Panel urges all-paper ballots by 2014
John Ingold Denver Post Feb 18 2009Colorado panel votes to support all-paper-ballot elections by 2014 after voting rights activists sue the state over certification procedures for electronic voting machines.
A panel charged with fixing Colorado's election system voted Tuesday to support a recommendation requiring the state to hold all-paper-ballot elections starting in 2014, but one commission member compared the recommendation to being held hostage.
The recommendation, which the legislature can choose whether to adopt, urges Colorado to use only paper ballots starting in 2014. Until then, though, the recommendation proposes allowing clerks to continue using their electronic voting terminals without having to get them recertified or have a paper trail that voters can see.

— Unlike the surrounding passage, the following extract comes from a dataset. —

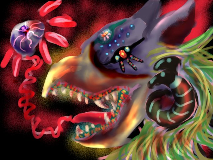 今スマホで描いた、キラキラ目な天線鮫w 鬼律戦の曲が頭に流れてくる #クーロンズゲート #ファイヤの日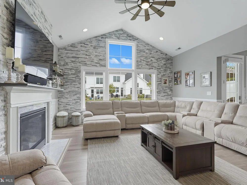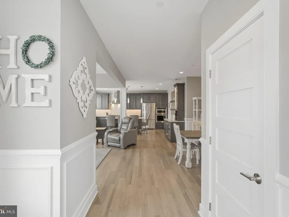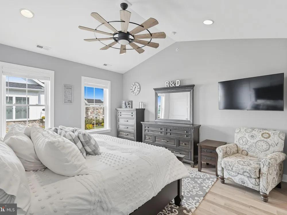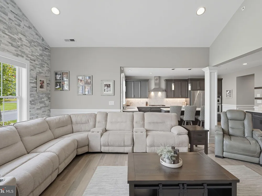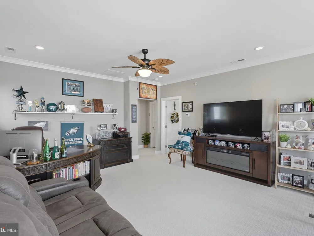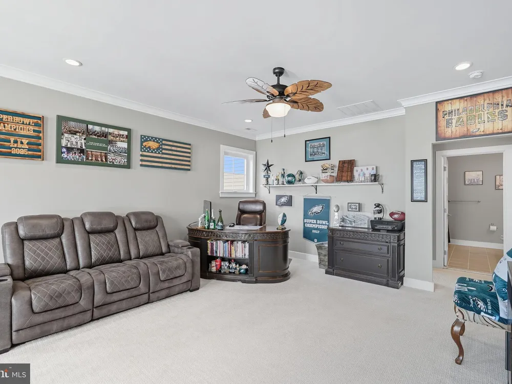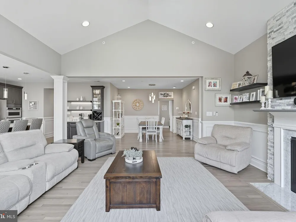 Welcome to this stunning quad-style home with 3 bedrooms and 2.5 baths that blends luxury, comfort, and convenience in the highly sought-after 55+ community of Yardley Preserve. From the moment you arrive, you’ll be impressed by the landscaping, decorative stone accents, high-end exterior lighting, a bluestone patio, and a Larson front storm door with a built-in screen—setting the tone for refined living. Step inside to discover an open floor plan filled with natural light, recessed lighting, Bengal Bay random-width hardwood floors, and fresh designer paint. The spacious family room boasts a dramatic cathedral ceiling, a stone fireplace wall with a custom mantle, a ceiling fan, and motorized window treatments. The dining area is a spacious, open area. The gourmet kitchen is a true showstopper with upgraded Century cabinetry, high-end hardware, Eternal Calcutta Gold countertops, KitchenAid stainless steel appliances, a walk-in pantry with custom organization, and a stylish coffee/wine bar with a built-in beverage cooler. Custom trim work, wainscoting, and thoughtful details carry throughout. The first-floor owner’s suite offers a luxurious retreat with a cathedral ceiling, two professionally organized walk-in closets, a custom-built accent wall for added elegance, and a spa-like bathroom featuring an additional custom vanity, upgraded ceramic tile, dual sinks, and a walk-in shower. Also on the main level, a large laundry room with abundant storage and an upgraded powder room with a stone accent wall add both convenience and style.On the second floor, you’ll find a generous loft perfect as a second family room or office, two spacious bedrooms, a full bath with upgraded tile and an oversized linen closet, and a huge storage room.Additional highlights include a finished, expanded 25' oversized 2-car garage with an epoxy-coated floor and storage room, a Ring doorbell, and an outdoor sound system with patio speaker. Designer upgrades such as crown molding in the foyer and loft, stained treads with painted risers, and contemporary railings add elegance throughout. With every detail thoughtfully designed, this home blends luxury, comfort, and convenience in one of Yardley’s most desirable active-adult communities.

Those two requirements were pressing down on clerks across Colorado, as a bill from last year that provided a one-time fix to certification headaches is set to expire this summer. If the legislature doesn't pass another certification fix this session, more than 50 Colorado counties will be stuck with costly voting equipment they can't use.
"I feel it's giving some people some things and giving other people some things," said former Senate Majority Leader Ken Gordon, a Denver Democrat who is chairman of the state's Election Reform Commission. "It's a carefully worked-out balance that involves the equitable distribution of unhappiness."

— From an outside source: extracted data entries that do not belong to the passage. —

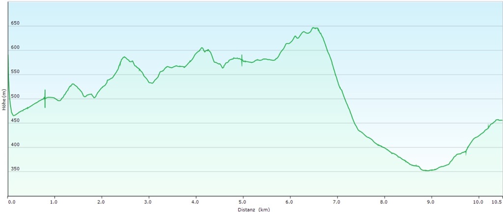 A séta megemlítésre méltó különlegessége, hogy odafenn, a platón, elhagyjuk az unalmas, széles erdészeti utat és egy érdekesebb és főleg érdemesebb vonalvezetés mentén, a hegy gerincén, két helyi kis csúcsot érintve, egy keskeny ösvényen vonulunk az erdőben déli célunk, a Höllensteinhaus felé (lenti képek).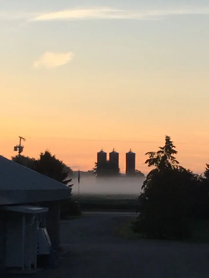 The sky backlit the silos of the Amish farm across the highway from the campground, and the band of mist just above ground level made for a view that screams we have a creator.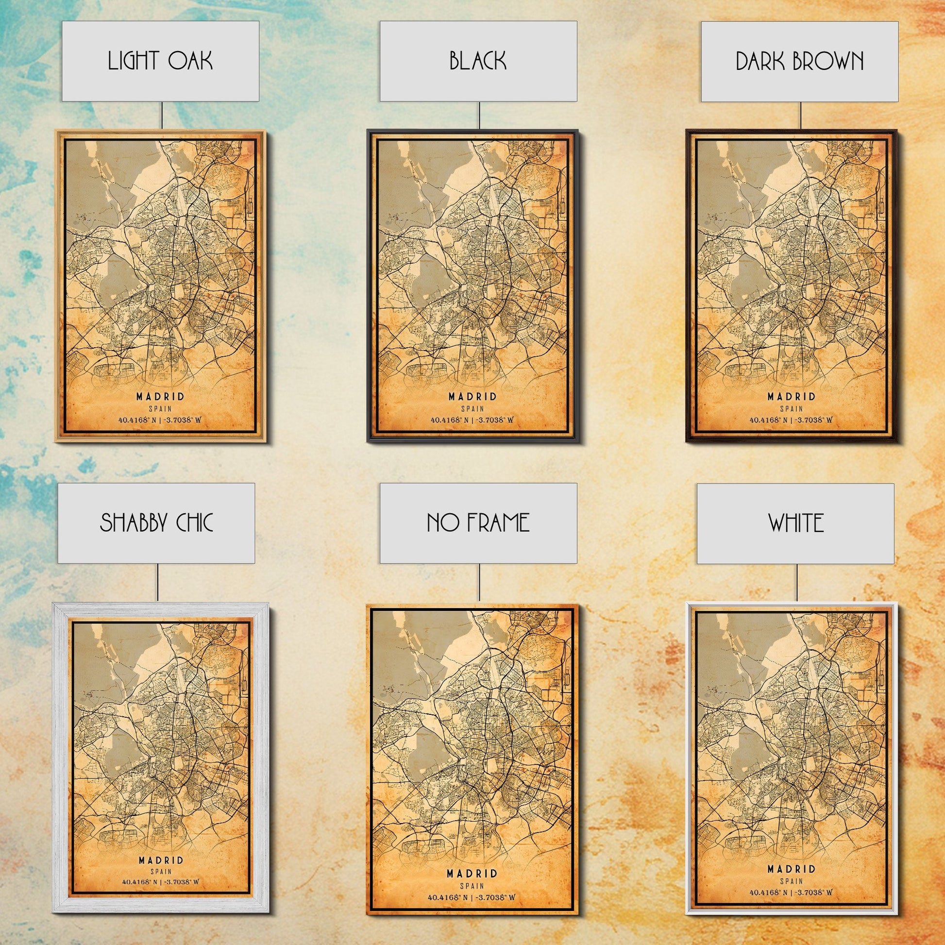 Madrid Spain map print poster or framed canvas, Madrid map print poster canvas, Madrid city map print poster canvas, Vintage Travel Art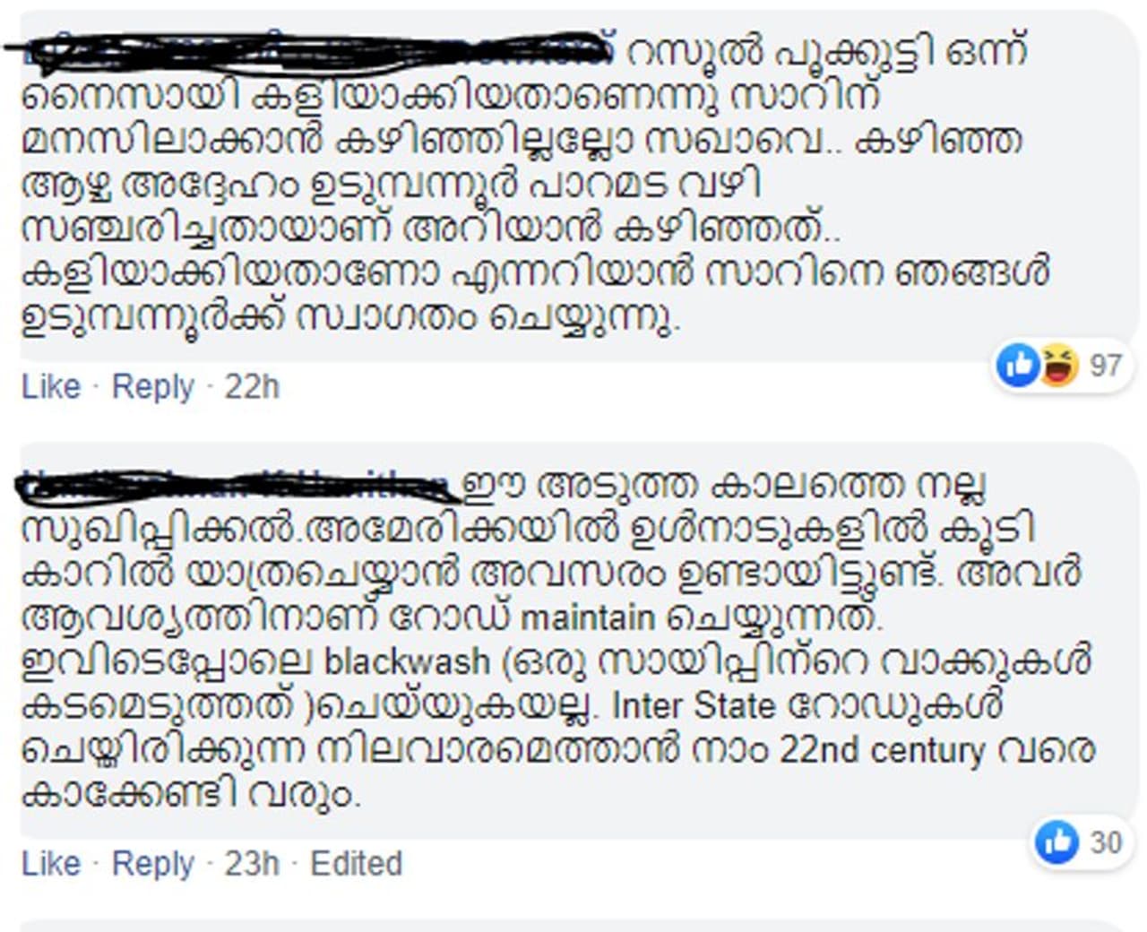 'അതിന് വിമാനത്തിൽ യാത്ര ചെയ്യുന്ന പൂക്കുട്ടിക്കെങ്ങനെ കേരളത്തിലെ റോഡിന്റെ അവസ്ഥ അറിയാൻ കഴിയും' എന്നാണ് മറ്റുചിലർ കമന്റിട്ടിരിക്കുന്നത്. അമേരിക്കയെ കൊച്ചാക്കിയതാണോ മന്ത്രിയെ നൈസ് ആയി ട്രോളിയതാണോ എന്ന് വ്യക്തമാക്കണമെന്നും ചിലർ പറയുന്നുണ്ട്. ഒപ്പം പൊളിഞ്ഞ റോഡുകളുടെ നീണ്ട ലിസ്റ്റ് തന്നെ പോസ്റ്റിന് താഴേ ആളുകൾ നിരത്തിയിട്ടുണ്ട്.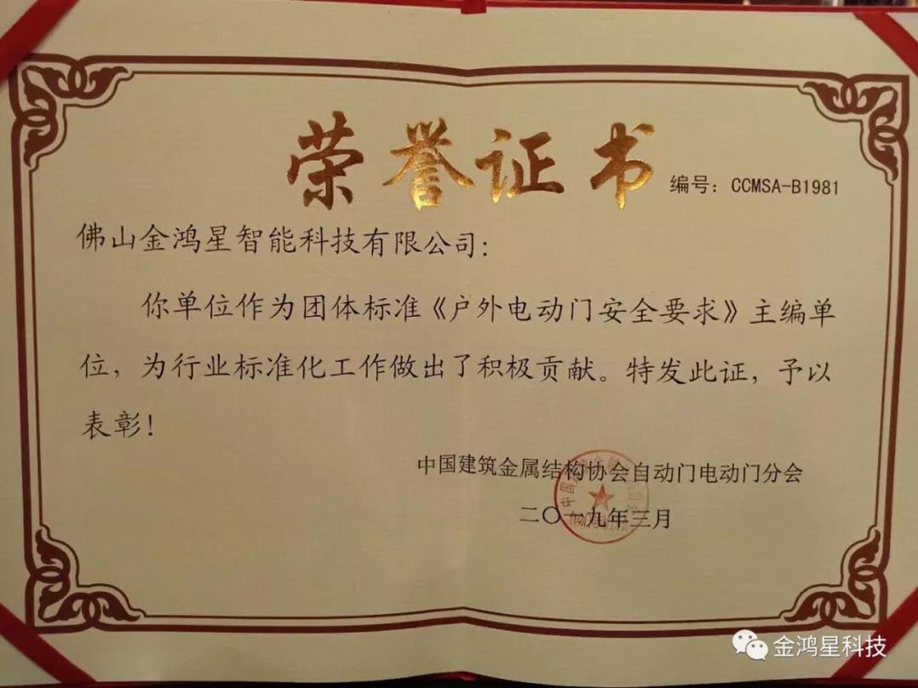 本屆大會以“誠信、創(chuàng)新、品質(zhì)、融合”為主題,潘冠軍會長對2018年自動門電動門行業(yè)做出了工作報告,并提出2019年自動門電動門工作重點及行業(yè)發(fā)展方向,大會對2018年全國優(yōu)秀單位及個人進行了嘉獎,并表彰了團體標準參編單位。金鴻星智能科技有限公司榮獲“2018年全國自動門電動門行業(yè)金盾獎”“2018年金盾獎先進單位”“戶外電動門安全要求主編單位”榮譽。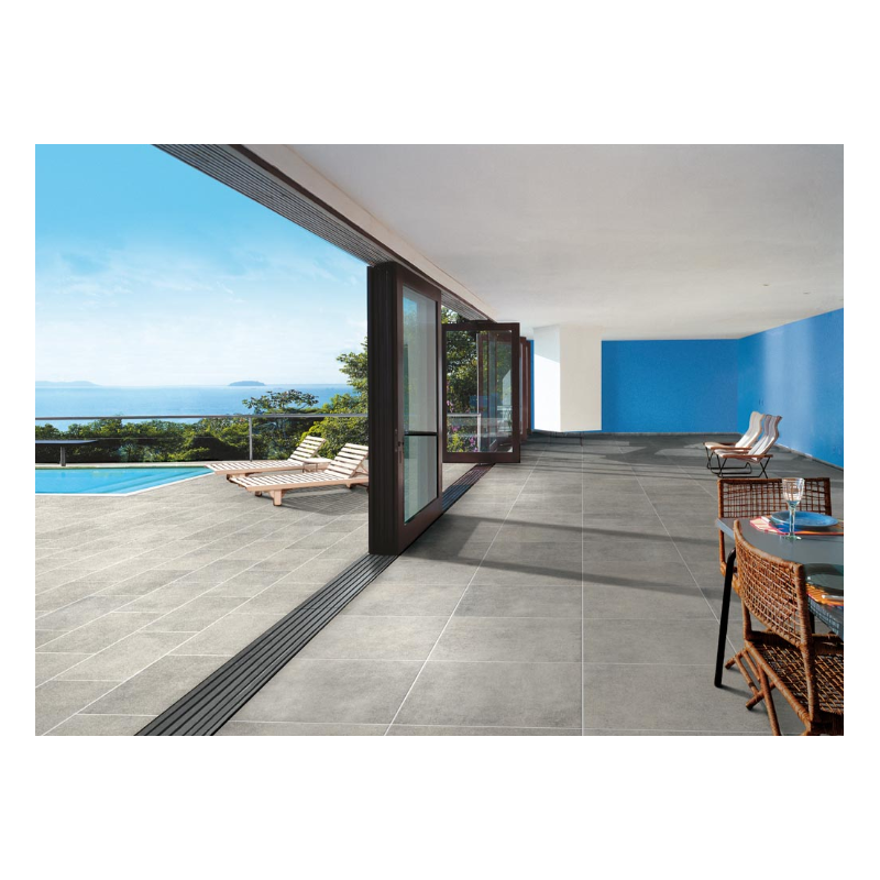 Surowa kolorystyka nowoczesnego miejskiego patio w towarzystwie roślin i minimalistycznych akcentów architektury. Wysoka odporność na plamienie i antypoślizgowość gwarantują wygodne użytkowanie podczas towarzyskich spotkań na tarasie.

But critics of the proposal said it amounted to "ramrodding" a paper- ballot mandate through the commission by tying it to the voting-machine certification fix.
"This recommendation should be viewed with immense skepticism," commission member Scott Gessler, a Republican elections attorney, said afterward. "It's a classic case of logrolling in a commission."
The debate goes back several years, when voting activists sued the state over its certification procedures for electronic voting machines. Activists say the machines are prone to error, but clerks vigorously defend the terminals, saying they are reliable.